Официантка принесла бокалы, и Бийл тотчас же принялся пить. Но теперь он выпрямился, и в голосе его уже не было нагловатого, циничного оттенка. Педерсон заметил это и еще упорнее стал смотреть в свой бокал. Он был трезв, а Бийл – нет. Он был молод, а Бийл – нет. Он был… скромен, что ли, а Бийл – нет. Он был безвестным врачом, а Бийл – нет. Он хочет спасти Луиса Саксла, а Бийл… И по этим причинам он не мог смотреть Бийлу в лицо. Перемену в голосе Бийла он ощутил, как похолодание, незаметно изменившее окружающую их атмосферу. Казалось, через стол со стороны Бийла на него пахнуло холодом. И Педерсон поймал себя на том, что с тех пор, как он спросил Бийла о его медицинском заключении, ему в первый раз стало интересно, что тот теперь скажет.
Педерсон молча вертел в пальцах свой бокал.
– Ну, ладно, – сказал наконец Бийл, – какой длинный был день! Когда это случилось? Во вторник, а сегодня четверг. Так.
Опять наступило долгое молчанье; Педерсон ждал.
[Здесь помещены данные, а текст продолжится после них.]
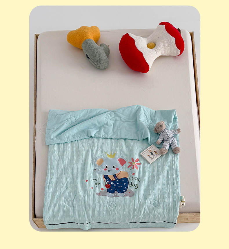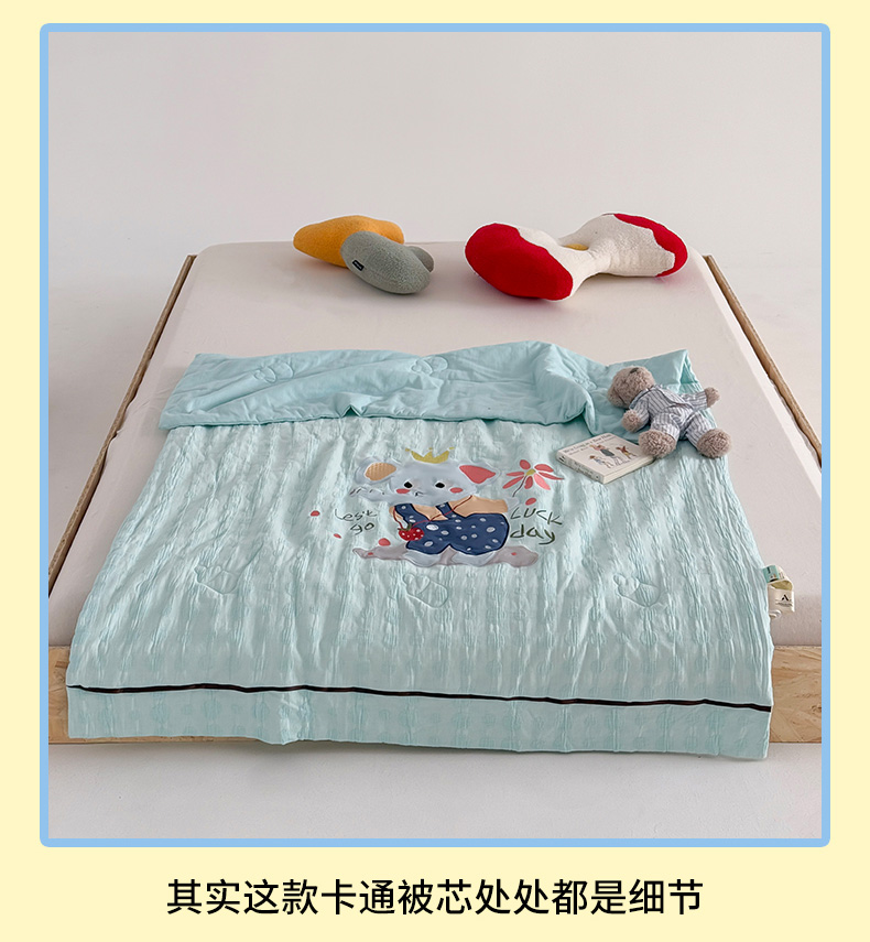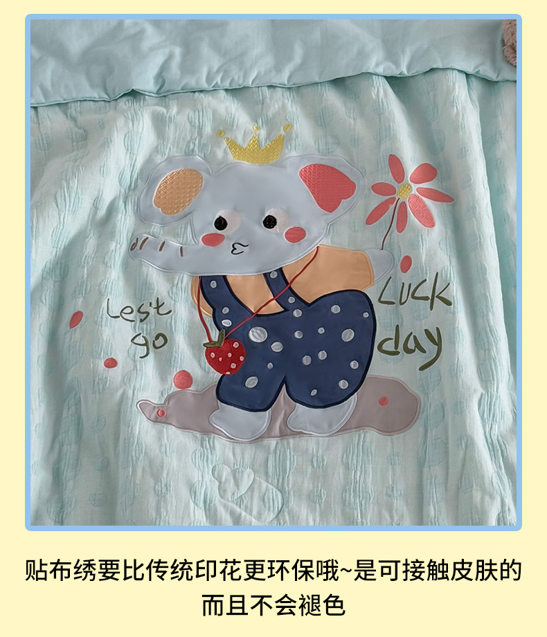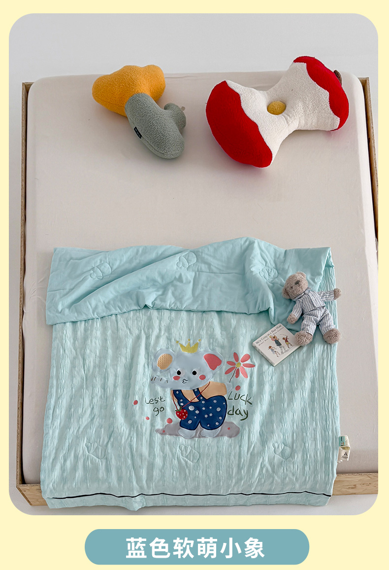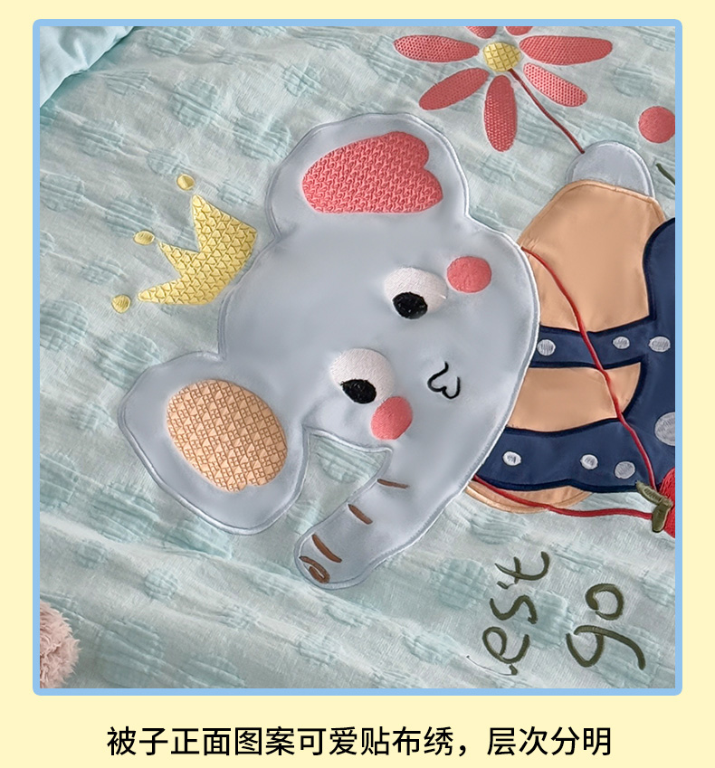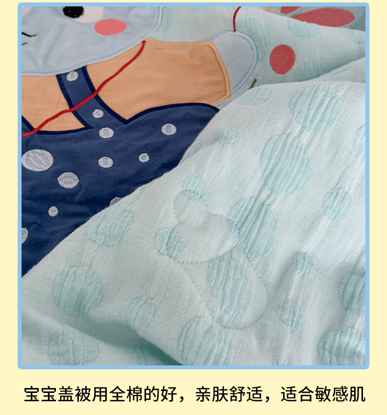 • 91家纺网 家纺一手货源 找家纺 喜多兔儿童家纺 2025春夏新款小软萌贴布绣纱布被 蓝色软萌小象

– Посторонние заботы, вот что их губит. Всякие посторонние заботы. Женитьба, дети, семейное благополучие. Если это не глушит их любознательность, то уж как пить дать глушит в них работоспособность. И все же некоторые еще держатся. Но потом какая-нибудь фирма предлагает тепленькое местечко. И надо соглашаться ради того-то и того-то. Прикладная физика, прикладное то и это, техника, технология… «Дорогой отец, это чрезвычайно полезное дело, и лишь благодаря подобным делам, мы стали такими, как сейчас», хотя не совсем, нет, сэр, не совсем. Вас не смущает то, что буквально все научные силы, участвовавшие в разработке проекта атомной станции, пришли к нам из Европы? Не большинство, а бук-валь-но все? Меня смущает. Меня это очень смущает. Я никому не уступлю в преклонении перед умелыми руками, но если у человека золотые руки и нет головы на плечах, значит он тупица или отупеет со временем. Бедный Луис. Он был редким и весьма необходимым для нас исключением. А, да ладно, к черту! К чему об этом говорить?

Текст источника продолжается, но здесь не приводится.